Réparer ensemble pour éviter de jeter, de gaspiller, de racheter…
C’est l’idée du …

Répar’Café

2014-11 Repar café Montreuil 1
Se retrouver dans la bonne humeur, autour d’un thé ou d’un café, pour apprendre à réparer – avec l’aide de réparateurs-bricoleurs bénévoles – nos objets abîmés ou en panne.
Petit électroménager, hifi, informatique, lampes, jouets, vêtements…
Gardez-les précieusement et amenez-les pour leur donner une seconde chance.

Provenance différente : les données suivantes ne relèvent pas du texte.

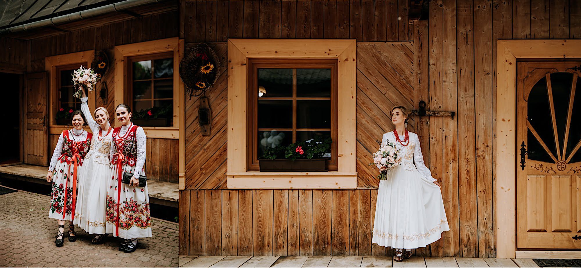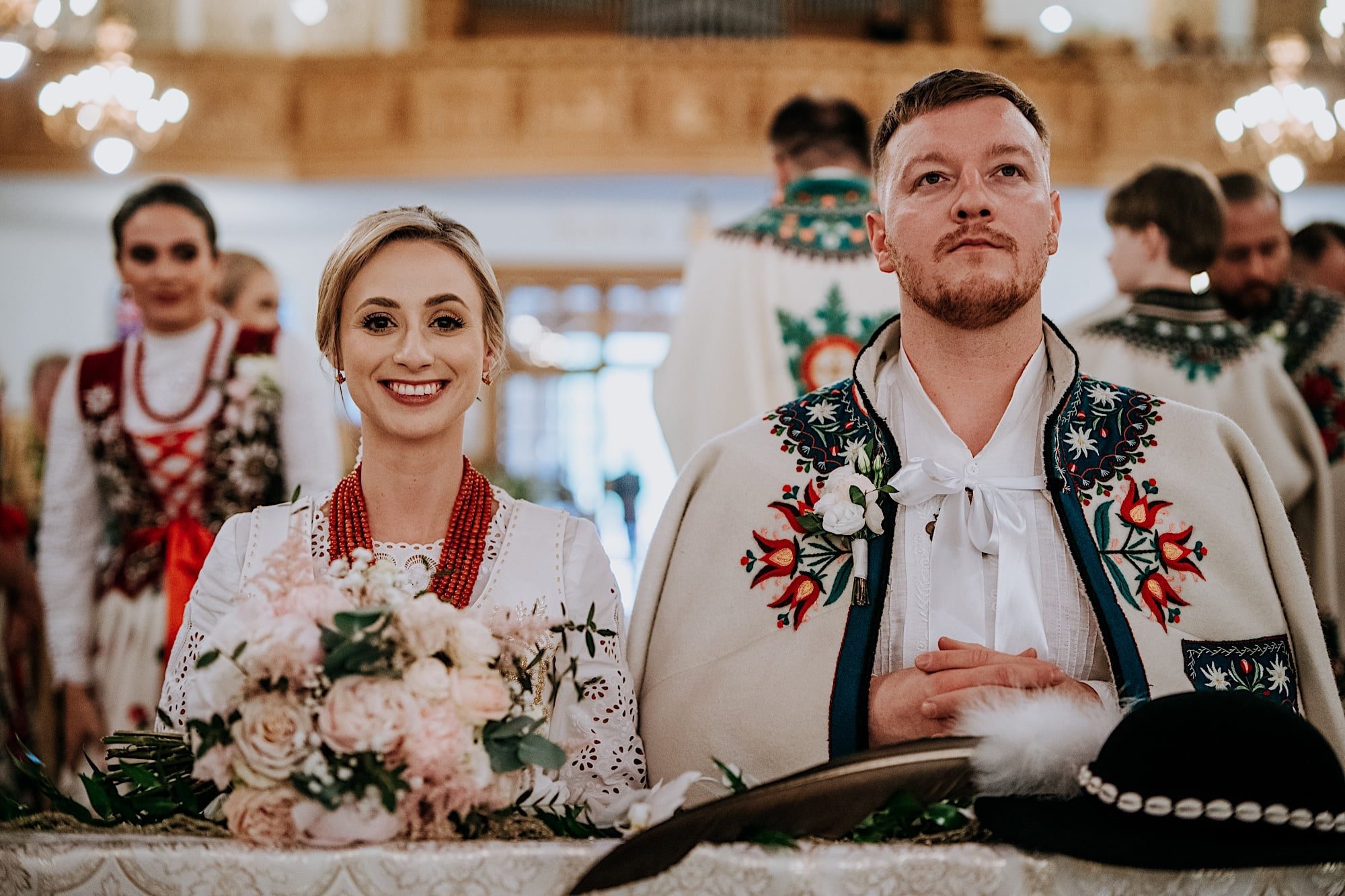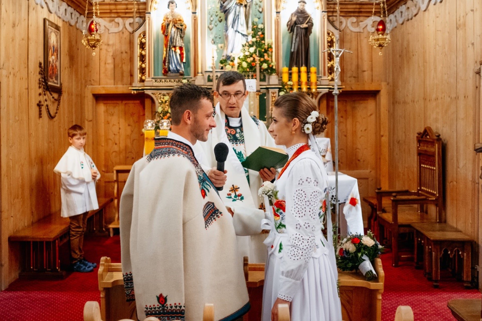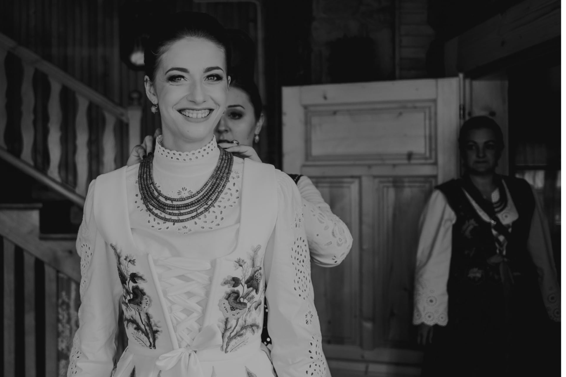 Suknia panny młodej składa się z kilku elementów. Są to między innymi koszula z haftem, aksamitna kamizelka i kilkuwarstwowa spódnica z koronkami, ale nie mniej istotne są same dodatki, czyli prawdziwe skórzane kierpce i czerwone korale. Co zakłada na siebie pan młody? Jest to również haftowana koszula oraz portki, czyli specjalne regionalne spodnie góralskie, a także bogato zdobiona peleryna. Nie pozostaje mi nic innego, jak życzyć im równie pięknego i kolorowego życia na nowej drodze.

Déjà plus d’une année que nous organisons des Répar’cafés et toujours de nombreux réparations, sourires et rencontres.

Prochaine date :

Dimanche 2 octobre 2016
de 14h30 à 17h30

au LUPS – 14 rue Eugène VARLIN

à Montreuil

(Juste en face de la boulangerie)

Et si vous savez et aimez bricoler, coudre … si vous avez des connaissances en électricité, informatique ou autre… n’hésitez pas : venez partager vos compétences !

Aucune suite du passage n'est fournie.